To use a concrete, but made up example, if 5% of those who tested positive for COVID-19 ended up dying, the generalization from that sample to the whole population would only be as strong as the representativeness of the sample—and if only sick people are being tested, the sample will not be representative and the conclusion about the lethality of the virus will be wrong.
There is also the challenge of sorting out the effect of the virus on different populations. While there will be an overall infection rate and lethality rate for the whole population, there will also be different infection rates and lethality rates for different groups within the human population. As an example, the elderly appear to have a higher lethality rate than the population as a whole.

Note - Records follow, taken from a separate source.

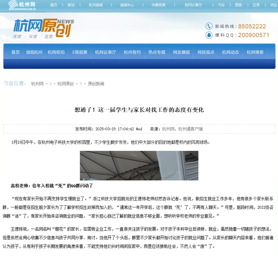 杭州网:想通了!这一届学生与家长对找工作的态度有变化
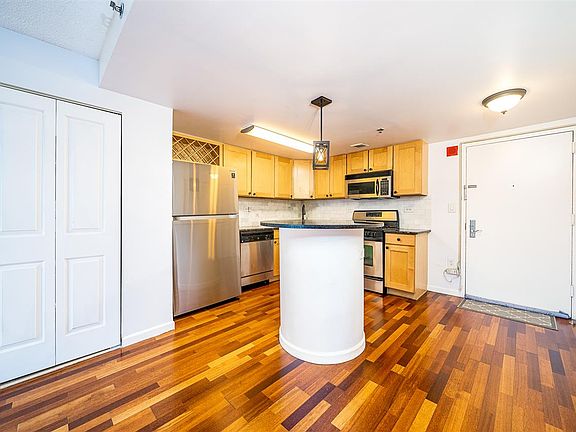 NO FEE - Lovely two bedrooms, two full baths at the Sky Club, luxury doorman elevator building. Home with Brazilian cherry hardwood flooring. Open living area with private balcony and kitchen with stainless steel appliances with granite counters and breakfast bar. Renovated modern baths. Plenty of closets & washer/dryer in the home. Amenities: elevator, 24 hours concierge, shuttle to HOBOKEN PATH. Light Rail right behind Sky Club. Close to shops, restaurants, transportation. Additional fee: Sky Club Fitness & Spa with indoor pool & Parking available inquire through garage. Pets considered
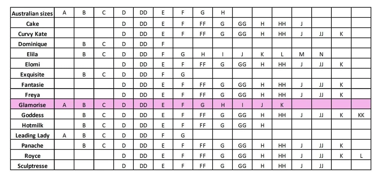 Sizes:Â 12-26 BCD; 12-26 DDE; 14-26 FGÂ
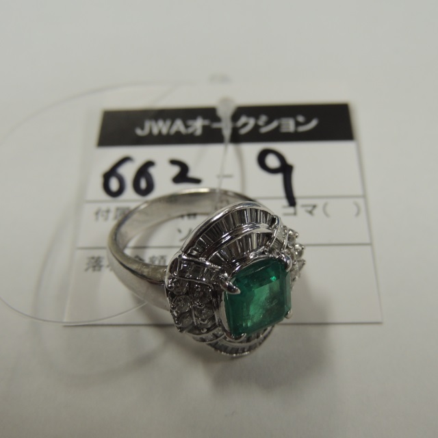 リング エメラルド ダイヤ Pt900 14.00g 石目:2.22 1.03
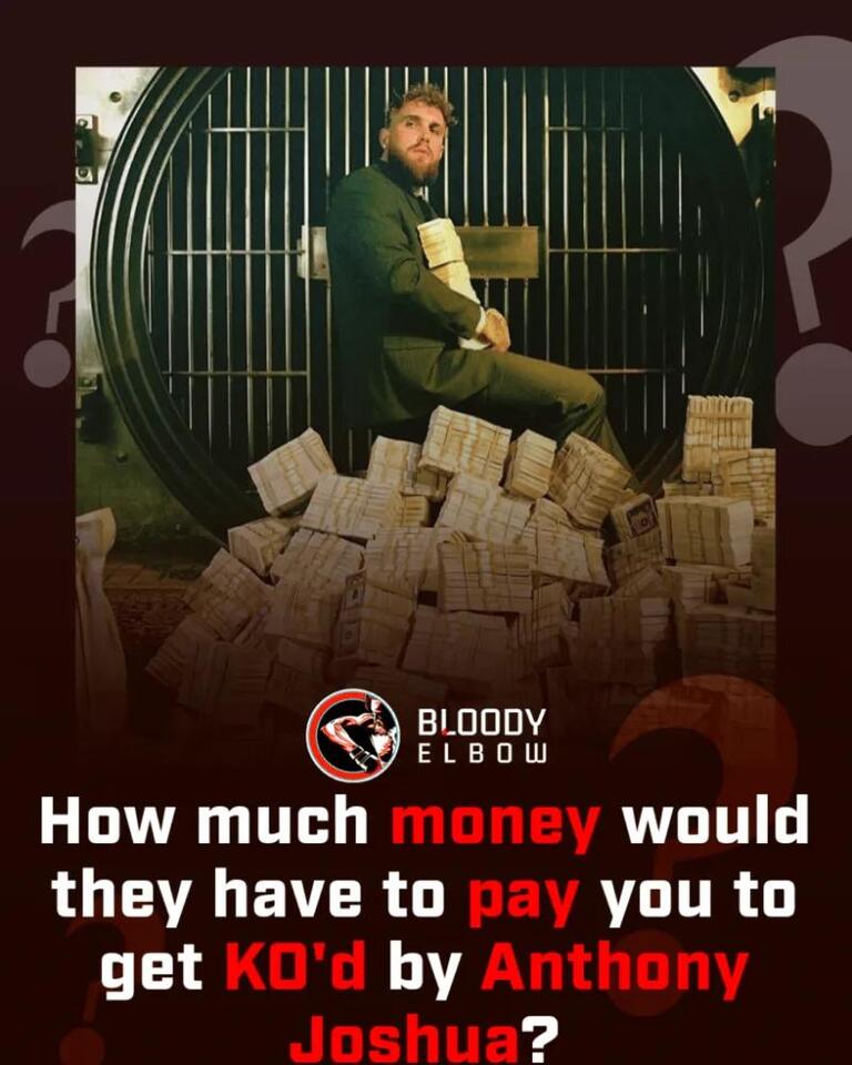 Connie Wilson+FollowJake Paul’s Joshua Payday 💰 Outsizes Tyson FightJake Paul’s fight purse for Anthony Joshua is blowing up the fan forums! After raking in $40M against Mike Tyson, Paul’s payday for Joshua could hit $90M+—way more than Tyson ever got. Fans are debating if Paul’s hype and trash talk are worth these insane numbers, especially since Joshua’s a real heavyweight champ. Is Paul just a master promoter, or is this the new normal for influencer boxing? #Entertainment #JakePaul #AnthonyJoshua00Share
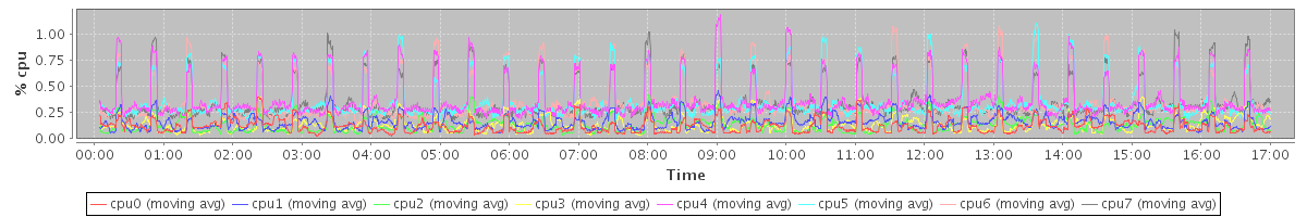 avg(cpu0) = 0.17 avg(cpu1) = 0.18 avg(cpu2) = 0.21 avg(cpu3) = 0.26 avg(cpu4) = 0.33 avg(cpu5) = 0.41 avg(cpu6) = 0.43 avg(cpu7) = 0.38
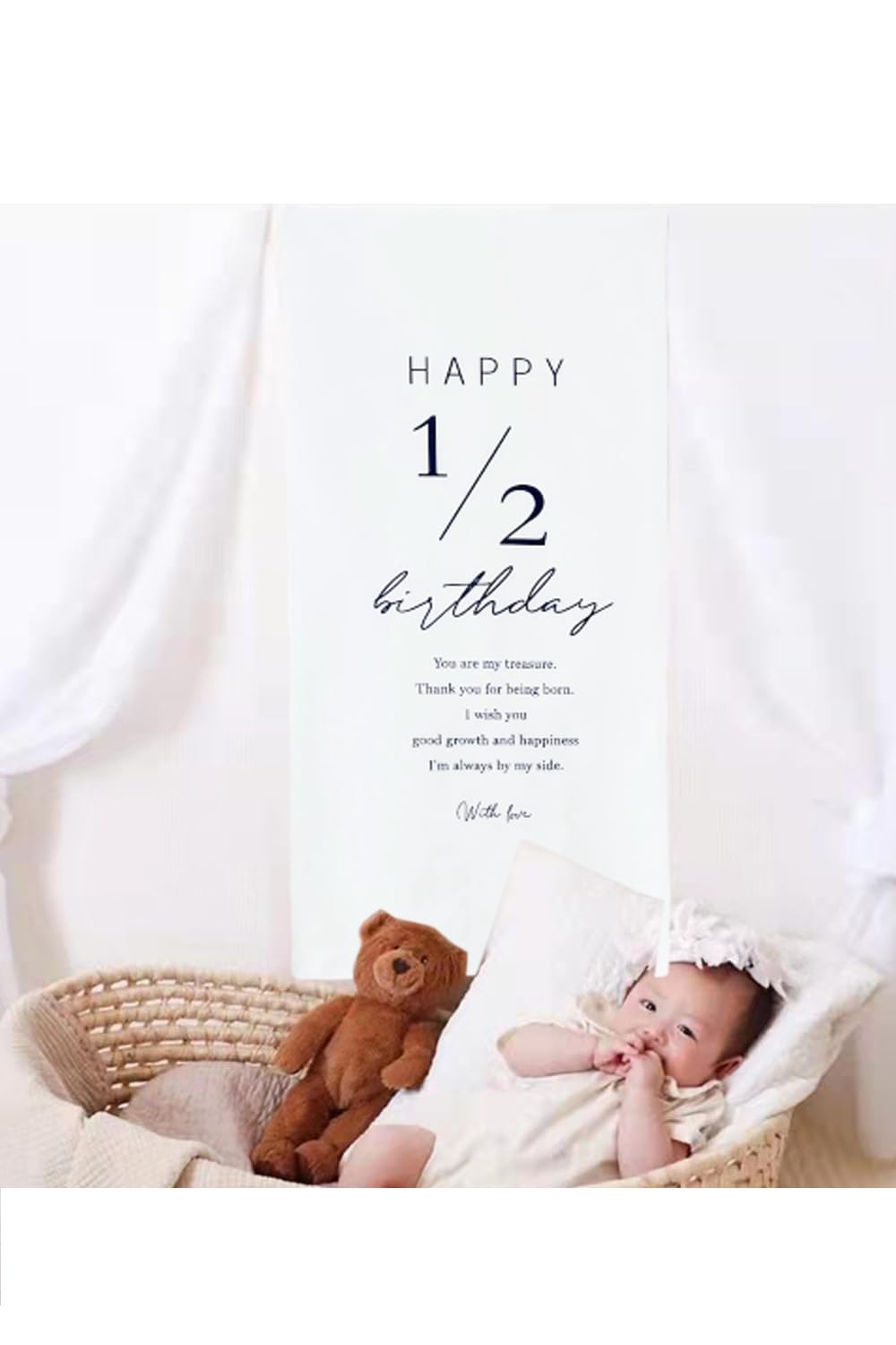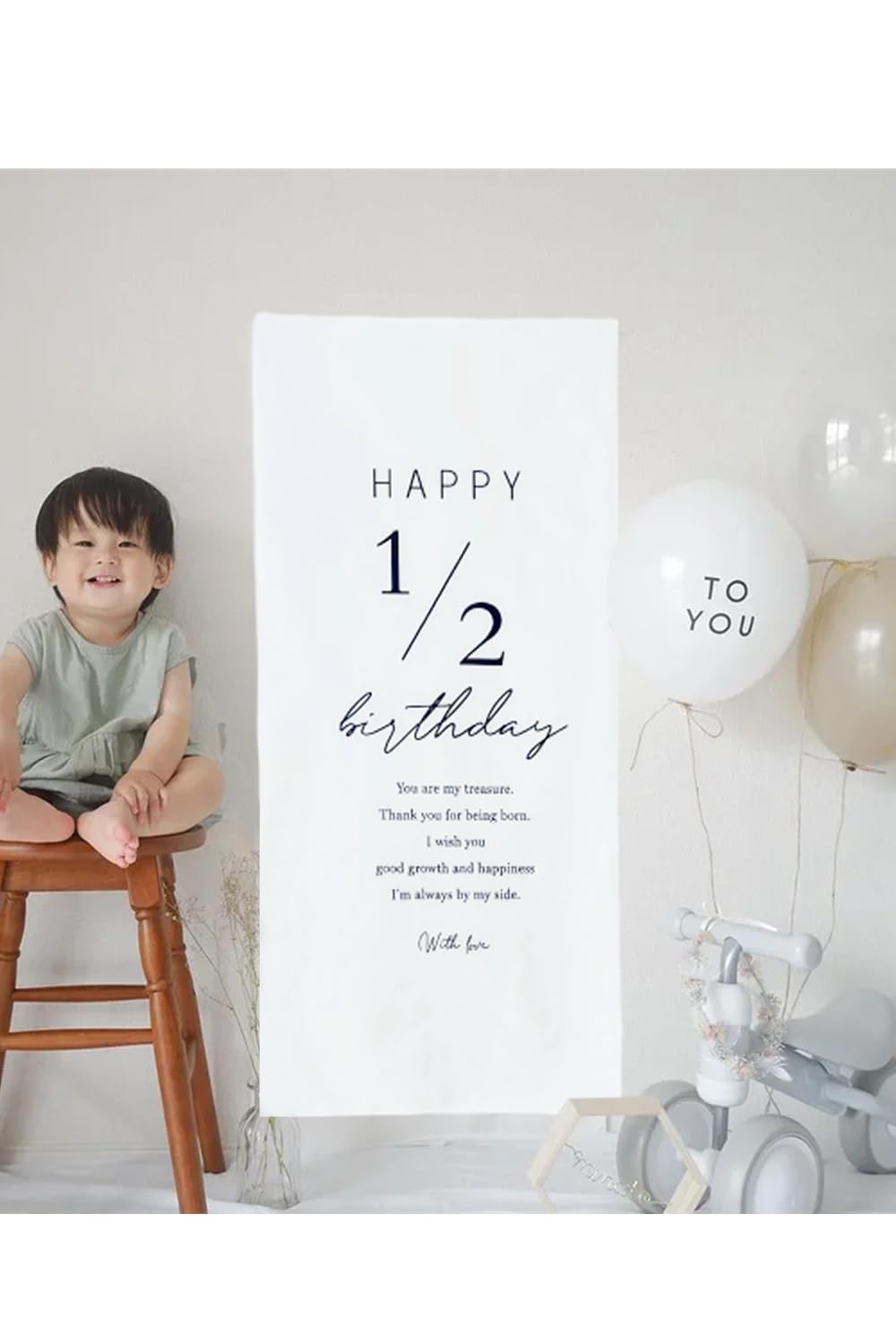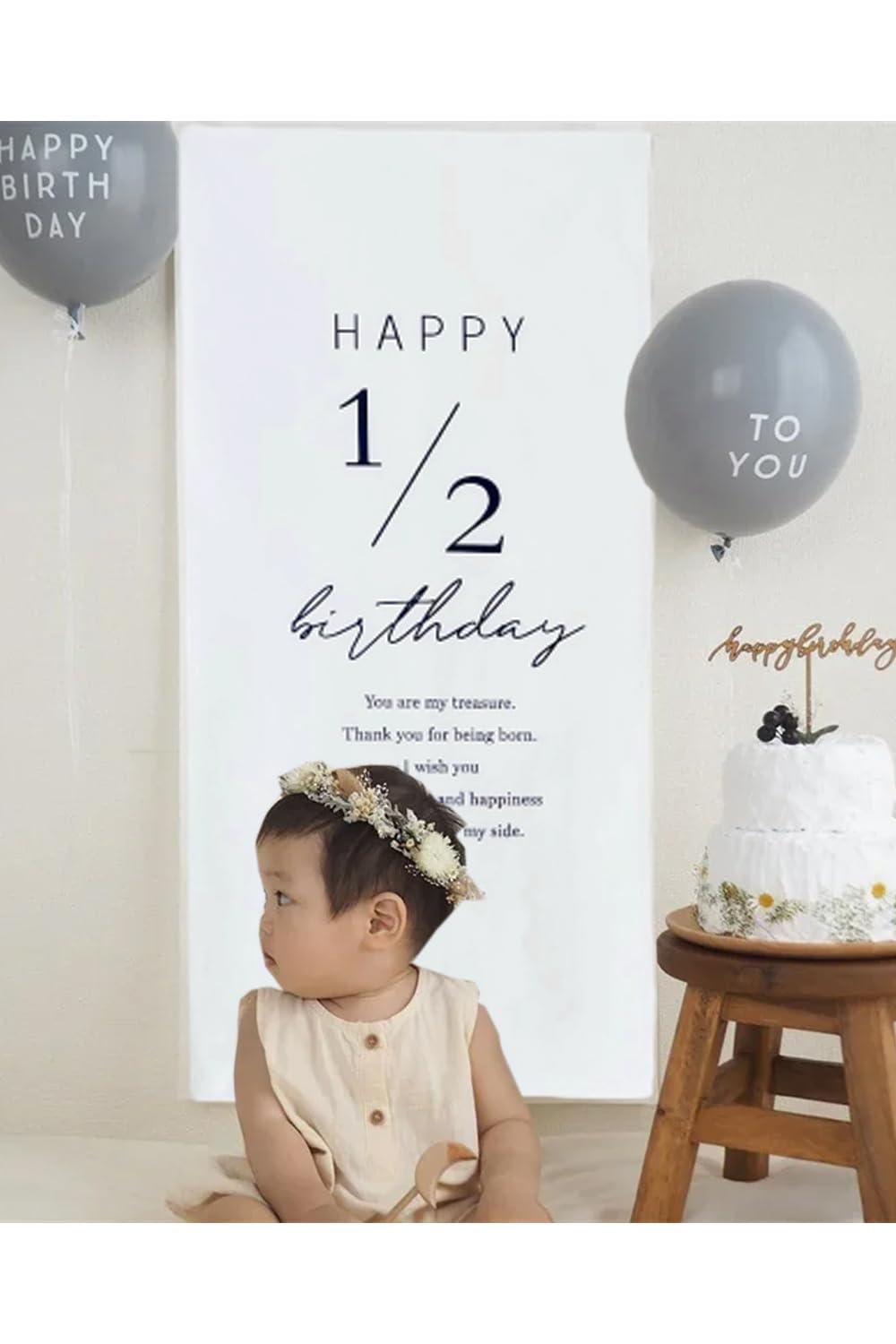 1.ハーフバースデー用タペストリー、お誕生日のお祝いを特別な日に彩る、おしゃれなハーフバースデー 飾りセットです。
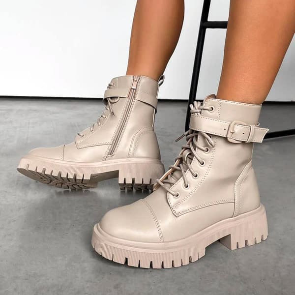 الحذاء مصمم على شكل بوت شتوي نسائي عصري مستوحى من تصميم Combat Boots، وهو من القطع الأكثر رواجًا فموضة الشتاء. النعل ديالو الغليظ (Platform) كيزيدو طابع جرأة وأناقة، وكيضمن ليك توازن ممتاز فوق أي سطح، سواء في الأيام الممطرة أو الباردة. هاد النوع من الأحذية معروف بقدرته الكبيرة على توفير الراحة والثبات مع الحفاظ على شكل أنيق كيليق بجميع الأعمار.
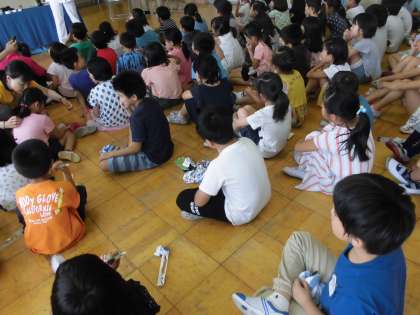 正しい歯みがきのやり方を,みんなで実際に行いました。
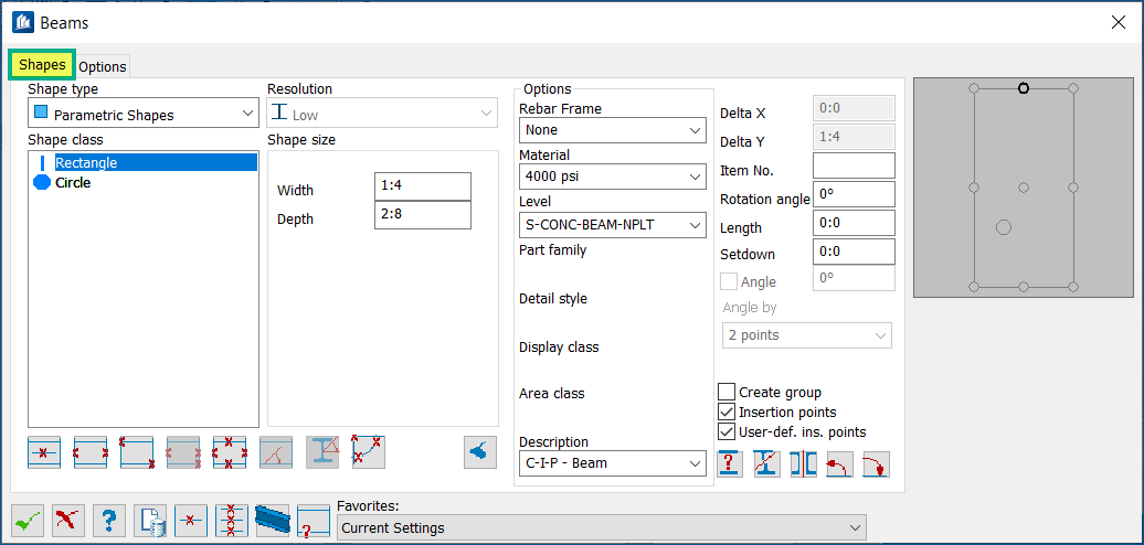This section contains the wikis related to the Shapes tab of Beams tool in ProStructures (ProConcrete) CONNECT Edition.
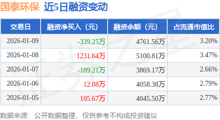 证券之星消息,1月9日,国泰环保(301203)融资买入259.59万元,融资偿还598.83万元,融资净卖出339.25万元,融资余额4761.56万元。

In addition to representativeness, sample size is important—the larger, the better. This brings us to two more concepts: Margin of error and confidence level. A margin of error is a range of percentage points within which the conclusion of inductive generalization falls; this number is usually presented in terms of being plus or minus. The margin of error depends on sample size and the confidence level of the argument. The confidence level is typically presented as a number and represents the percentage of arguments like the one in question that have a true conclusion.
When generalizing about large (10,000+) populations, a sample will need to have 1,000+ individuals to be representative (assuming the sample is taken properly). This table, from Moore & Parker’s Critical Thinking text, shows the connection between sample size and error margin (confidence level of 95%:
Sample Size | Error Margin (%) | Corresponding Range (percentage points) |
10 | +/- 30 | 60 |
25 | +/- 22 | 44 |
50 | +/- 14 | 28 |
100 | +/- 10 | 20 |
250 | +/- 06 | 12 |
500 | +/- 04 | 8 |
1,000 | +/- 03 | 6 |
1,500 | +/- 02 | 4 |
The practical takeaway here is that sample size is particularly important: a small sample will have a large margin of error that can make it useless. For example, suppose that a group of 50 COVID-19 patients received hydroxychloroquine tablets and 10 of them recovered fully. Laying aside all causal reasoning (which would be a huge mistake) the best we could say is that 20% of patients treated with hydroxychloroquine +/-14% will recover fully. It is very important to say here that this is just a simple generalization and that a controlled experiment or study would be needed to properly assess a causal claim—something I will discus in the future.
There are various fallacies (mistakes in reasoning) that can occur with a generalization. I will discuss those in the next essay. Stay safe and I will see you in the future.